大学時代(1)
大学に入って、自分の性格に大きな変化が訪れました。
人見知りだった自分が、急に人恋しくなったのです。
3月の終わりに大阪に引っ越してから入学式までに10日ほどあったのですが、その当時大阪には当然誰も知り合いがいませんでした。
それまでは学校で休み時間に一人でいても別に何とも思わなかった私が、なぜか急に部屋で一人でいることに不安を覚えるようになったのです。
大阪に着いてすぐに風邪を引いて、誰にも看病してもらえずにぽつんと部屋にいる。。
「せきをしても一人」という自由律俳句があるそうですが、そんな状況に大きな虚しさを覚えました。
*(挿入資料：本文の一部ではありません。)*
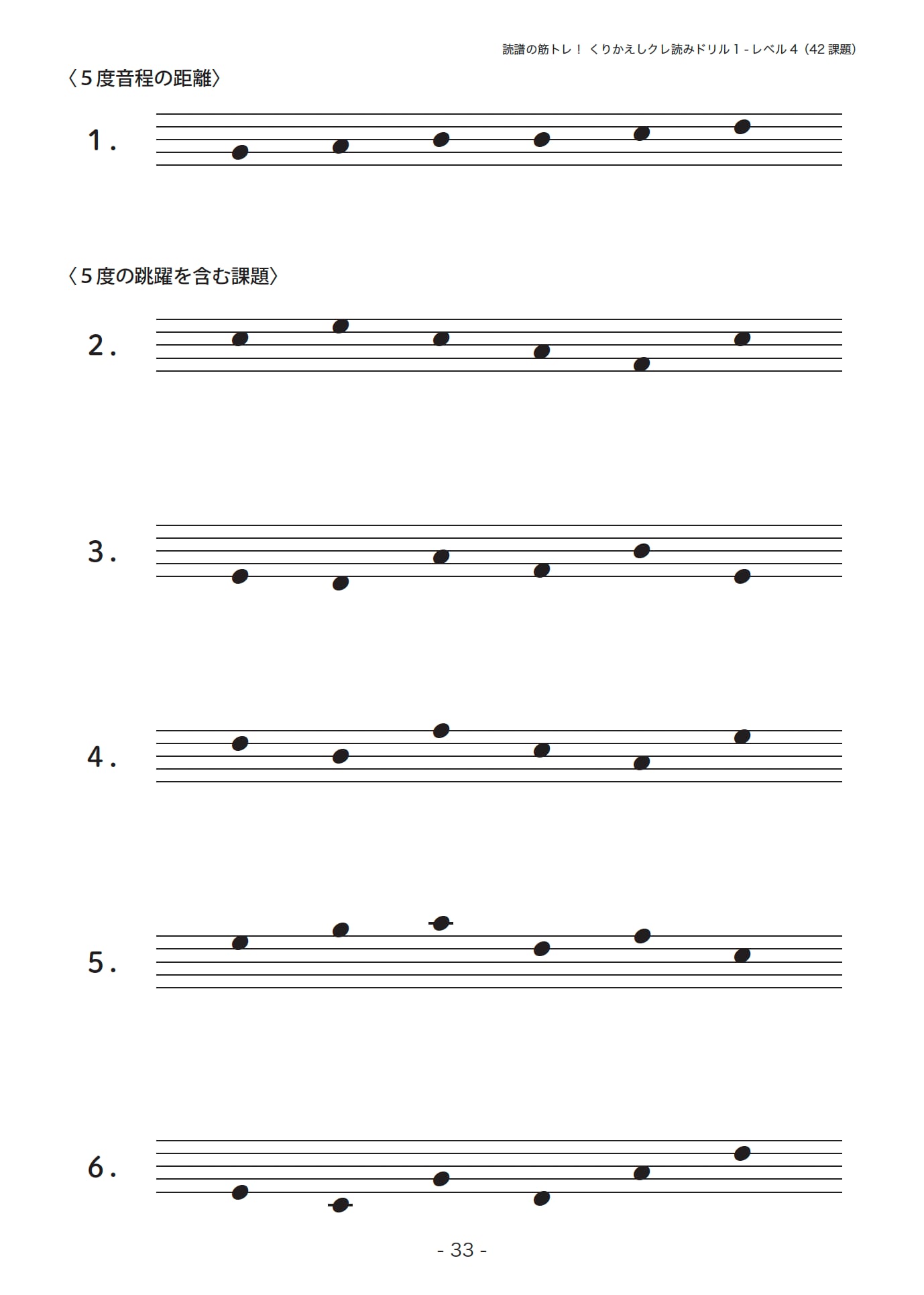 【レベル4】は五線に加線1本の音の範囲で【レベル3】と同じですが、音部記号なしの課題で、5度から11度音程までの跳躍を含みます。ページごとに音程を1度ずつ広げていきます。線と間を正確に読み取り、音同士の距離の感覚を鍛えましょう。いくつかの音部記号で読みかえたり、慣れてきたらスピードアップしてください。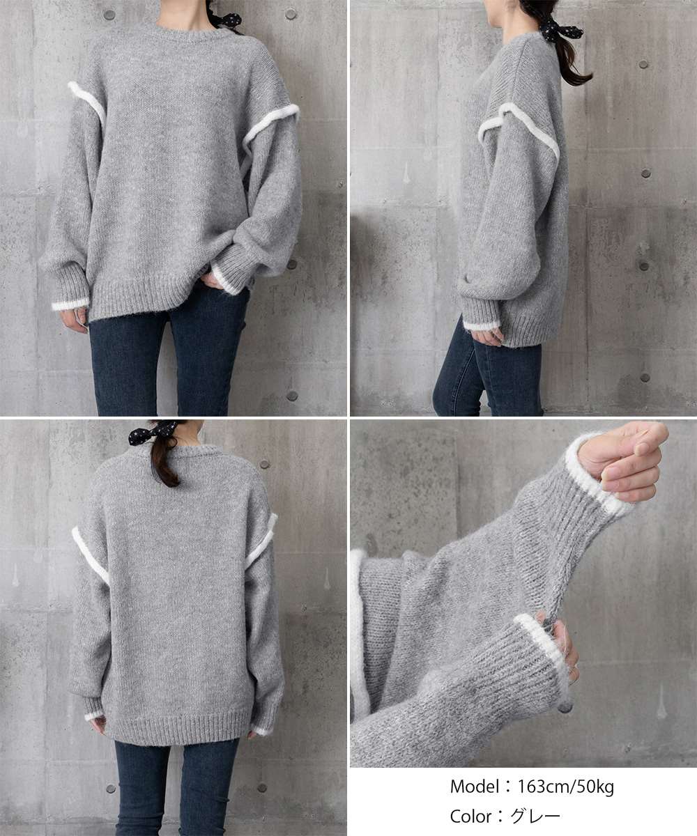 ゆったり ニット トップス ラウンドネック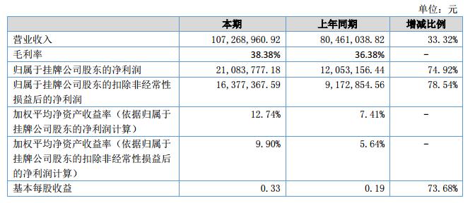 報(bào)告期內(nèi)公司財(cái)務(wù)狀況良好,營(yíng)業(yè)收入大幅增加,盈利能力明顯增強(qiáng),現(xiàn)金流充足,資產(chǎn)負(fù)債率低。報(bào)告期內(nèi),公司實(shí)現(xiàn)營(yíng)業(yè)收入10,726.90萬元,較上年同期增加2,680.80萬元,同比增長(zhǎng)33.32%;實(shí)現(xiàn)凈利潤(rùn)2,102.70萬元,較上年同期增加899.90萬元,同比增長(zhǎng)74.82%。?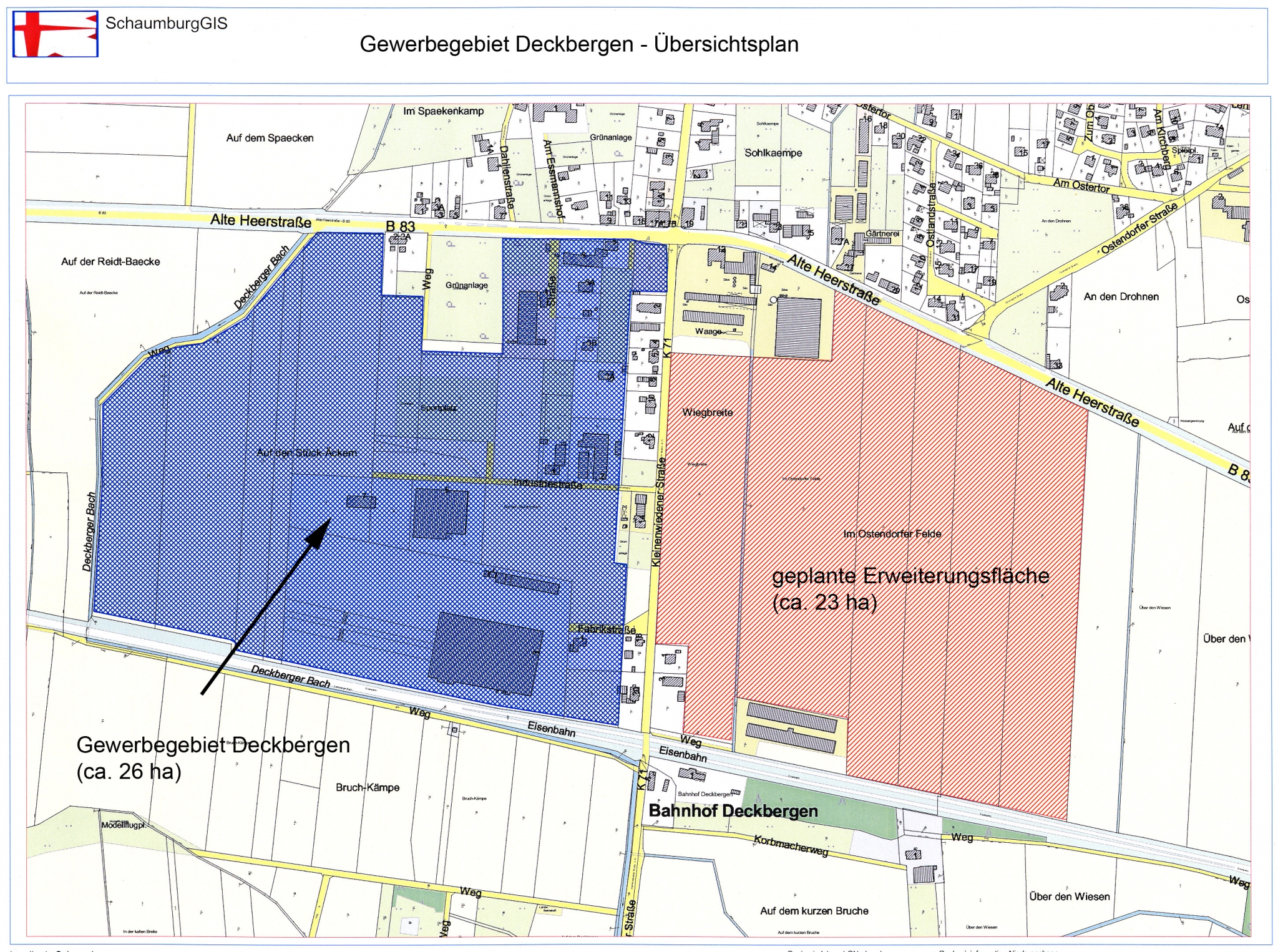 Das Gewerbegebiet Deckbergen liegt verkehrsgünstig unmittelbar an der Bundesstraße 83. Die Autobahn A 2, Auffahrt Bad Eilsen, ist in wenigen Minuten erreichbar.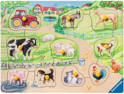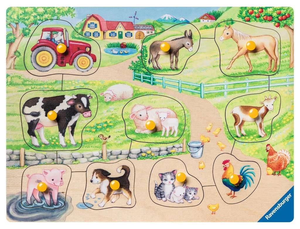 Drevená vkladačka Ravensburger zo série Moje prvé drevené puzzle prináša deťom radosť z učenia hrou. Desať pevných dielikov s láskavo ilustrovanými motívmi z farmy pomáha rozvíjať kľúčové zručnosti a podporuje správny úchop vďaka plastovým úchytkám na každom dieliku.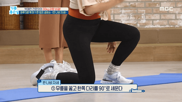 - 한쪽 무릎만 들어서 90도로 세웁니다.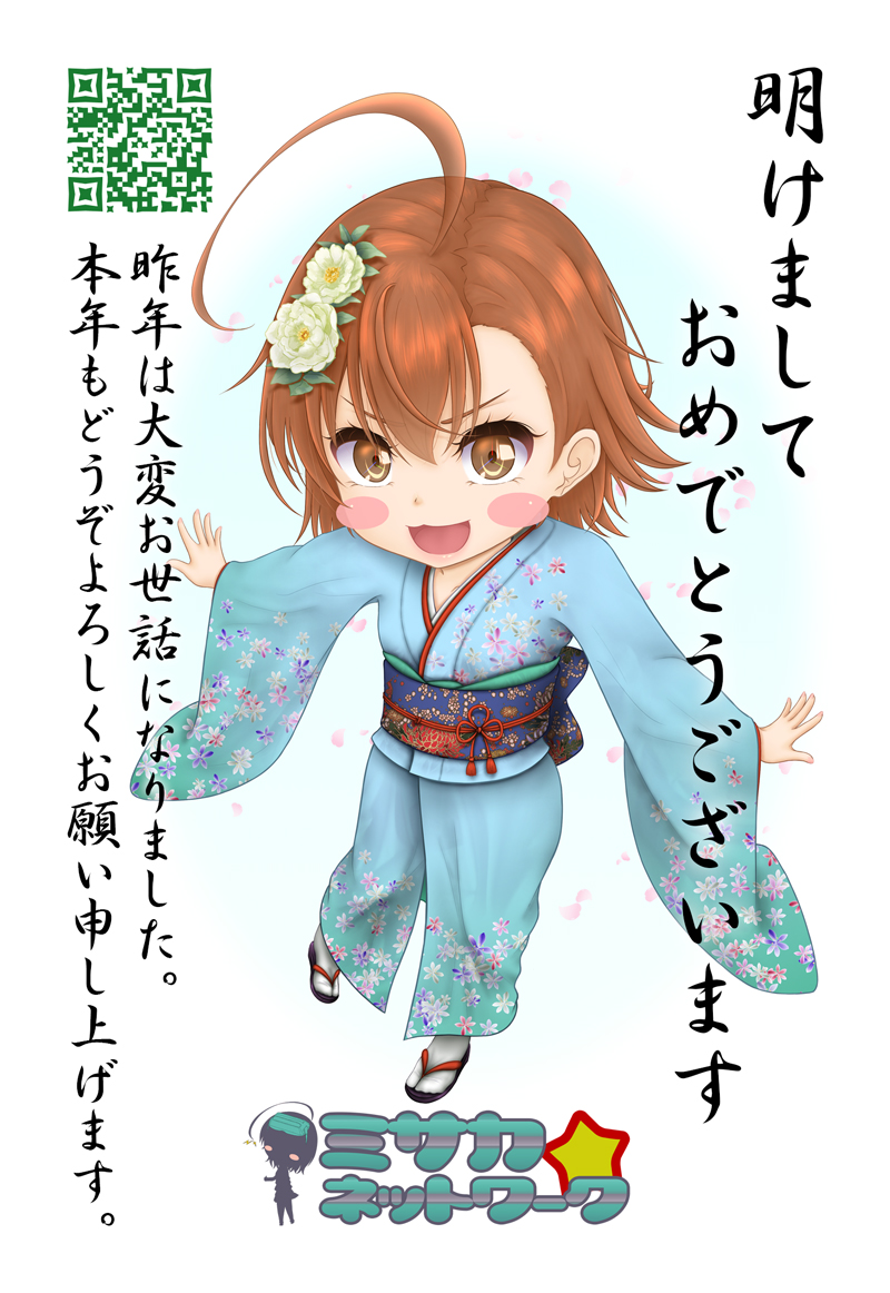 着物姿のミサカ9982号を印刷した2024年の年賀状。C103でお買い物をした方への特典です(先着順)。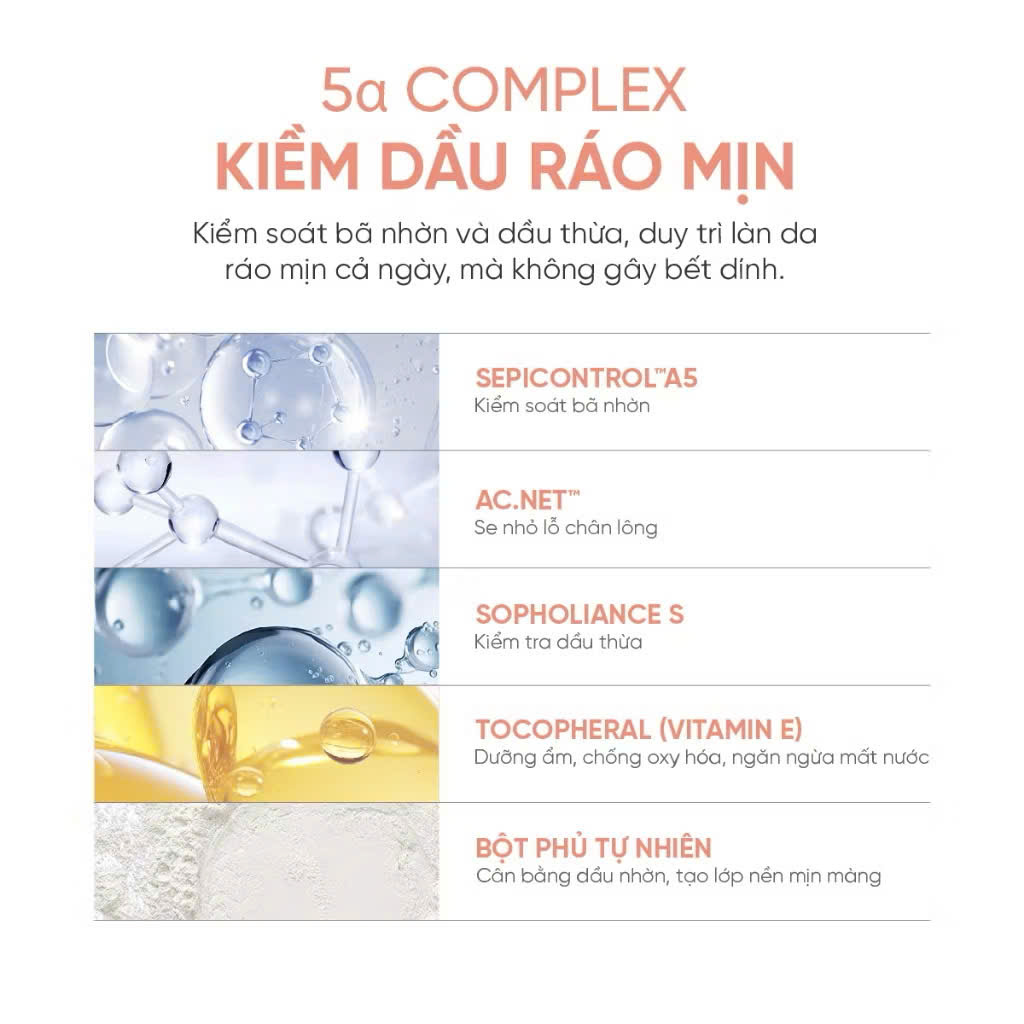 ◾ SEPICONTROL™ A5: Cân bằng bã nhờn và làm dịu da (gồm Capryloyl Glycine, Sarcosine, Chiết xuất vỏ quế)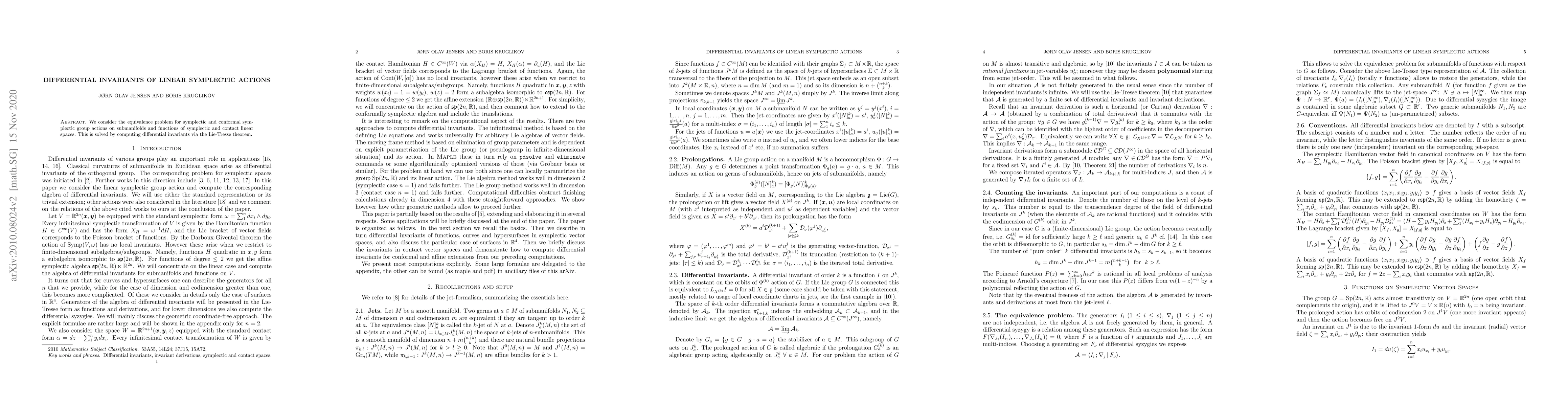 Summary: This paper addresses the equivalence problem for symplectic and conformal symplectic group actions on submanifolds and functions within symplectic and contact linear spaces, utilizing the Lie-Tresse theorem to compute differential invariants.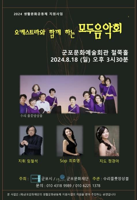 또한 이번 음악회는 지역의 문화소외계층과 시민을 대상으로 준비한 무료 공연으로 군포시민은 누구나 자유롭게 관람할 수 있으며, 플릇과 오케스트라의 조화로운 협연을 통해 다채로운 음악적 매력을 경험할 수 있다.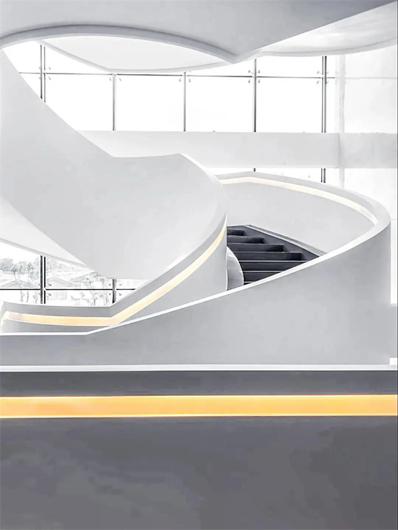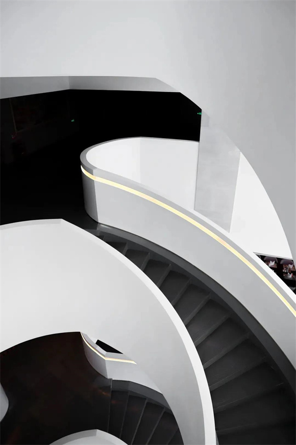 酒店內部尤為吸睛的當屬旋轉樓梯,純白的外衣散發著云貝般的光澤,溫暖的燈帶順著樓梯延展,優雅而頗具未來感。由下仰望,如云朵慢慢升騰;自上俯瞰,又如花朵悄然綻放,隨手一拍都是INS風爆棚的美照,儼然已成為酒店的網紅打卡點。

高校までは、専業主婦の母親と幼稚園の妹がいたので、学校では孤独でも家に帰ると必ず私を気にかけてくれる家族がいたのです。
そういった家族がそばにいなくなったことが何らかの影響を及ぼしたのかもしれません。
そこで私は、無意識のうちにそれまでの性格とは正反対の行動を取りました。
誰彼構わず話しかけ始めたのです。
家の近くに大学があったので、大学に一番近い弓道場に行ってそこにいる先輩に適当に話しかけたりしていました。
極端な例だと、近くの池で釣りをしている人に「何が釣れるんですか?」と訊いたことさえあります。
今思えば随分大胆というか挙動不審でした。
そんなことをしているうちに、偶然1年次のゼミでクラスメイトになるFと知り合います。
Fは四国出身の法学部生で、入学したばかりなのにもう司法試験の勉強を考えているという大変真面目な男でした。
このFとはなぜか深い縁で繋がっているようで、その後大学4年間定期的に会っていましたし、就職先が違うのにも関わらず、会社の寮が近くて定期的に食事に行くという関係が10年ほど続きました。
大学に入学するとサークルオリエンテーションというものがあるんですが、私はこのFと一緒に回ることにしました。